Ron Sadler submitted this to The Oregonian in rebuttal to its editorial entitled “After ten years of trying, Jordan Cove LNG should get the OK

Frankly, I am stunned and amazed by the premature and inappropriate endorsement of the Jordan Cove LNG export terminal proposal on Coos Bay by the Oregonian Editorial Board.

The first sentence indicates that the Editorial Board feels that “the time seems right for this project to move decisively forward”, and the final sentence states decisively that “If regulators find that exports pose little threat to energy price stability or supply domestically, Jordan Cove seems very much the real deal at the right time in exactly the right place”.

This simplistic view of the regulatory process by the Editorial Board strongly indicates they do not recognize the existence of the procedural mandates placed upon the Federal Energy Regulatory Commission by the National Environmental Policy Act (NEPA).

NEPA ProcessBefore FERC can rule either for or against the Jordan Cove proposal, they must complete an objective and unbiased analysis of the proposed project together with all reasonable alternative locations. This analysis must include the following elements: a statement of the need for the proposed action; a description of all alternative means to meet the stated need; a baseline description of the current ecological condition of the area affected, i.e., Coos Bay; and an analysis of the direct and indirect environmental effects of the proposed action and of each of the alternatives. This analysis is to be documented in a standardized format called an Environmental Impact Statement (EIS).
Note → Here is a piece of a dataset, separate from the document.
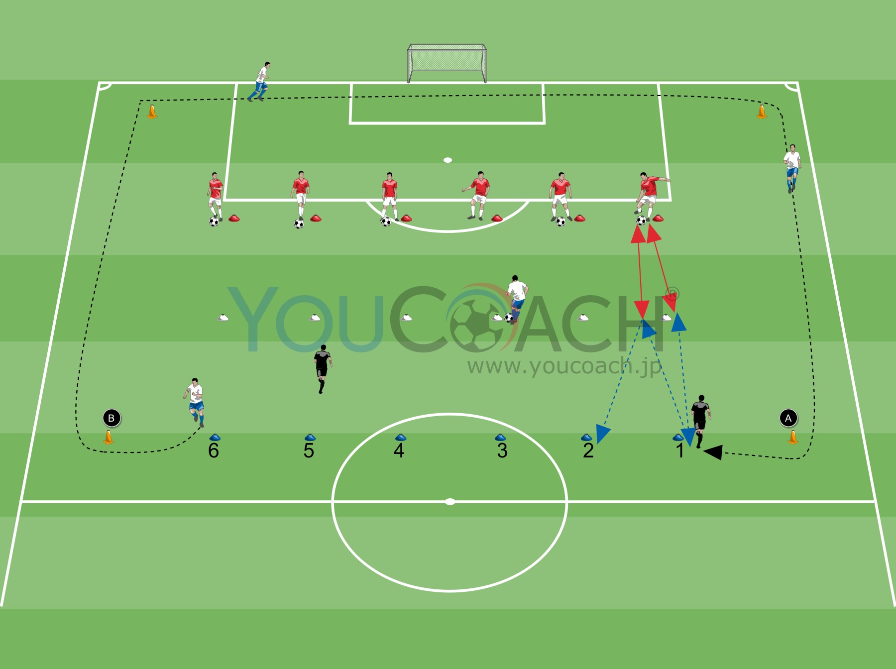 - 白色のプレイヤーはワンタッチでボールを戻し、反転をして、スタート位置(青色のマーカー)へ戻る。

The EIS process is completed with the issuance of a Record of Decision (ROD). The ROD is intended to document how environmental, economic, and technical considerations were balanced in order to arrive at a decision either for or against the proposal.

The EIS process for the Jordan Cove export terminal is still in its early stages, and a firm date for the issuance of the initial Draft EIS has not yet been provided.

Until the data and analyses contained in a viable EIS is available, with what logic can the Editorial Board so whole-heartedly support the Jordan Cove export terminal proposal?

Furthermore, the Editorial Board does not seem to understand fully the history of the Jordan Cove terminal proposals. The initial proposal was, in fact, for an import terminal. The EIS process was completed and FERC did issue a permit for the project. The decision to issue the permit was immediately challenged by the Oregon Attorney General as well as a consortium of other governmental and non-governmental entities. The basis for these challenges was primarily that the FERC failed to comply with the requirements of NEPA in arriving at its decision. Rather than litigate in order to resolve these challenges, FERC opted to vacate its decision to approve the import terminal. Thus, the change to an export terminal was caused directly by the legal insufficiency of FERC’s planning process rather than a shift on the part of Jordan Cove in response to market conditions.

May I suggest the Editorial Board consider informing our citizens of the intent and purpose of the federally-mandated planning process that has been in effect for 40 years, rather than acting as a shill for industrial propaganda?